Neodactria caliginosellus

Scientific classification
- Kingdom: Animalia
- Phylum: Arthropoda
- Clade: Pancrustacea
- Class: Insecta
- Order: Lepidoptera
- Family: Crambidae
- Subfamily: Crambinae
- Tribe: Crambini
- Genus: Neodactria
- Species: N. caliginosellus
- Binomial name: Neodactria caliginosellus (Clemens, 1860)
- Synonyms: Crambus caliginosellus Clemens, 1860; Pediasia caliginosellus;

= Neodactria caliginosellus =

- Genus: Neodactria
- Species: caliginosellus
- Authority: (Clemens, 1860)
- Synonyms: Crambus caliginosellus Clemens, 1860, Pediasia caliginosellus

Species of moth

Neodactria caliginosellus, the corn root webworm or black grass-veneer, is a moth in the family Crambidae.

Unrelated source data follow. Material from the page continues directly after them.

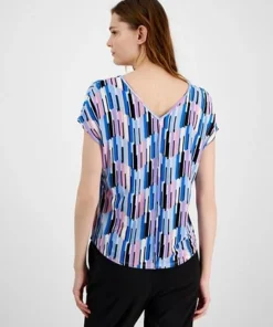 Bar III Women’s Printed Seamed V-Neck Short-Sleeve Top, Created For Macy’s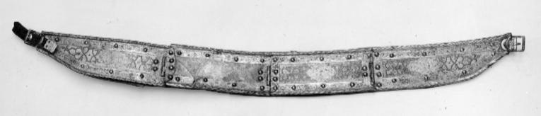 2:ne tyglar hvardera i 4 delar, sammanhållna med gångjern, på hvarje tygel finnes 2:ne söljor och en med svart sammet öfverklädd spännrem, hvilken är försedd med en ciselerad tamp och ett spännhål med skoning - gångjernet på ena tygeln bristfälligt.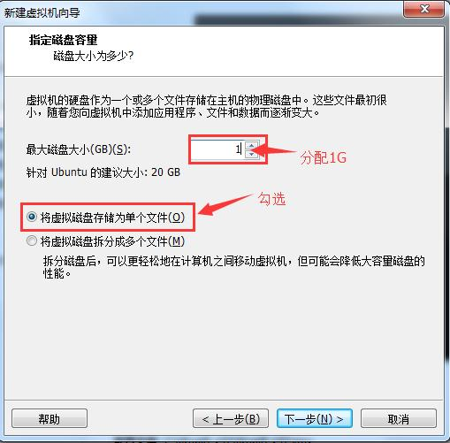 分配磁盤容量 1G ,勾選:將虛擬磁盤存儲為單個文件(O),點擊下一步

It was described by James Brackenridge Clemens in 1860. It is found in North America, where it has been recorded from Alabama, Alberta, California, Florida, Georgia, Illinois, Indiana, Maine, Maryland, Mississippi, North Carolina, Ohio, Oklahoma, Ontario, South Carolina and Tennessee. The habitat consists of grassy areas and fields.

The larvae feed on turf grasses and corn stalks. They have a pale white to gray body.